The beta version of Apache Cassandra 4.0, the most significant new release of column-oriented NoSQL database in years according to those involved, hit the downloads centre this week, with the promise of a 5x scaling speed improvement, new observability features and less "unnecessary garbage".
Although official support for Java 11 has missed the release, it is in the pipeline.
The robustness of the new release comes through its new Zero Copy Streaming features, which aims to make it faster and more efficient to scale and recover node outages in the distributed database, according to DataStax, a vendor supporting the Apache open-source project.
Joshua McKenzie, head of open source strategy at DataStax, said: “If you release stuff [data] through the Linux kernel, you pay a price for it. The notion behind zero copy streaming is to avoid having to pay that price: to get things directly to the application; do things in bulk; don't de-serialize and re-serialize the data. The whole idea behind it is basically just pick up a chunk of a things that someone else needs, send it to them as fast as possible and get all the middlemen out of the way.”
He said the feature would increase operational efficiency and lower skills level necessary to deploy and manage database clusters. “It’s part of the play to make it easier for operators,” he said.
The explanation relates to the way Cassandra can create unnecessary garbage and slows down the whole streaming process as some Sorted Strings Table can be transferred as a whole file rather than individual partitions.
If you release stuff [data] through the Linux kernel, you pay a price for it. The notion behind zero copy streaming is to avoid having to pay that price...
Cassandra 4.0 modifies the streaming path to add additional information into the streaming header and uses ZeroCopy APIs to transfer bytes to and from the network and disk. So now, an SSTable may be transferred using this strategy when Cassandra detects that a complete SSTable needs to be transferred.
McKenzie said the release was user and community-led and described himself as a “muppet” of the democratic Cassandra open source community - which we take to mean its mouthpiece.
The second tranche of features focus on security and observability and include an audit logging feature for operators to track the data manipulation language (DML), and control language (DCL) activity with minimal impact to normal workload performance, DataStax said. The point is to help address data governance and compliance, such as with GDPR, more easily.

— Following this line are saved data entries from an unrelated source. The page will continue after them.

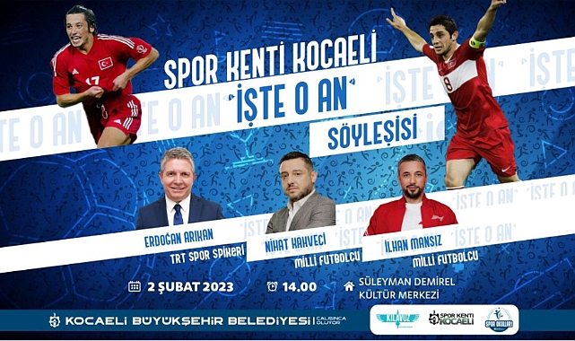 Kocaeli’nin spor kenti olması için yatırımlarına aralıksız olarak devam eden Büyükşehir, bir yandan da Kocaelili sporseverleri yıldız isimlerle bir araya getiriyor. 2 Şubat Perşembe günü SDKM’de saat 14.00’te başlayacak ‘‘İşte O An’’ söyleyişinde Türk futbolunun milli yıldızları Nihat Kahveci ve İlhan Mansız, tanınmış spor spikeri Erdoğan Arıkan’ın moderatörlüğünde yaşadıkları ‘’o anları’’ anlatacak.
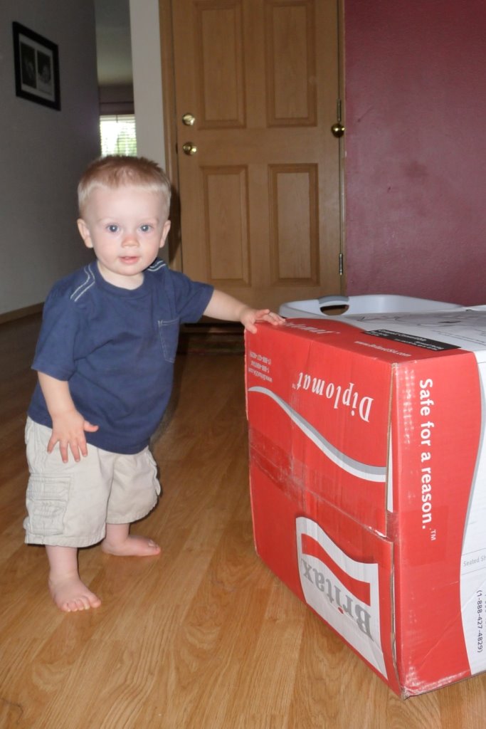 JT’s big birthday present came just in time, and we opened it up early: his new car seat! He technically outgrew his infant seat in length a couple of weeks ago, but we had to order this one online and wait for it to get here. He will still be rear facing for as long as possible, but it will be nice to have a bigger car seat. He was getting a little squished!
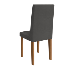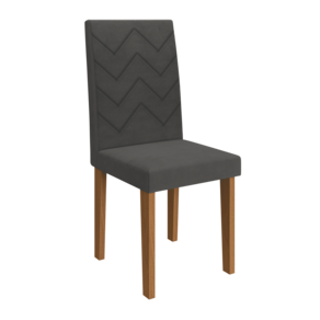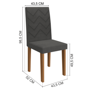 As cadeiras são fabricadas com material resistente como, chapas de MDF 15mm. O encosto e o assento possuem estofamento de espumas de boa densidade aumentando a durabilidade e o conforto. Para completar, contam com revestimento em tecido velveteen Grafite e possui detalhes bordados no encosto que deixa o conjunto mais bonito.

Other observers said the release could be the most stable of the NoSQL database. Ben Bromhead, CTO of Cassandra consulting and support firm Instaclustr, said the Apache Cassandra community had struggled with finding the right balance of features, stability and performance for major version releases for a long time.
“The 4.0 beta demonstrates a maturity as a community to step back and take a hard look at what our priorities are and start to change our processes and focus based on those discussions. The result will (hopefully) be one of the most stable major releases of Apache Cassandra yet.”
There had been some friction between DataStax as dominant player, and the rest of the community. But in April, DataStax veep of developer relations Patrick McFadin said the company had been working hard to correct the perception since the arrival of CEO Chet Kapoor from Google in October last year.
In future Cassandra features in the pipeline is support for Java 11 and its new Z Garbage Collector (ZGC) that aims to reduce the pause times for this memory management exercise no more than a few milliseconds.
Datastax’s McKenzie said the community was unsure of whether to hold up the release of Cassandra 4.0 to ensure support for JDK 11 could be included. But it eventually decided to go ahead with the release and “address things that come up that are JDK 11 specific”.
“There was an unofficial poll and something like 25 per cent of the community is running, Cassandra on JDK 11 already so, the thing definitely works,” he said.
General availability of Cassandra 4.0 would depend on the community but is expected before the end of the year, he said. ®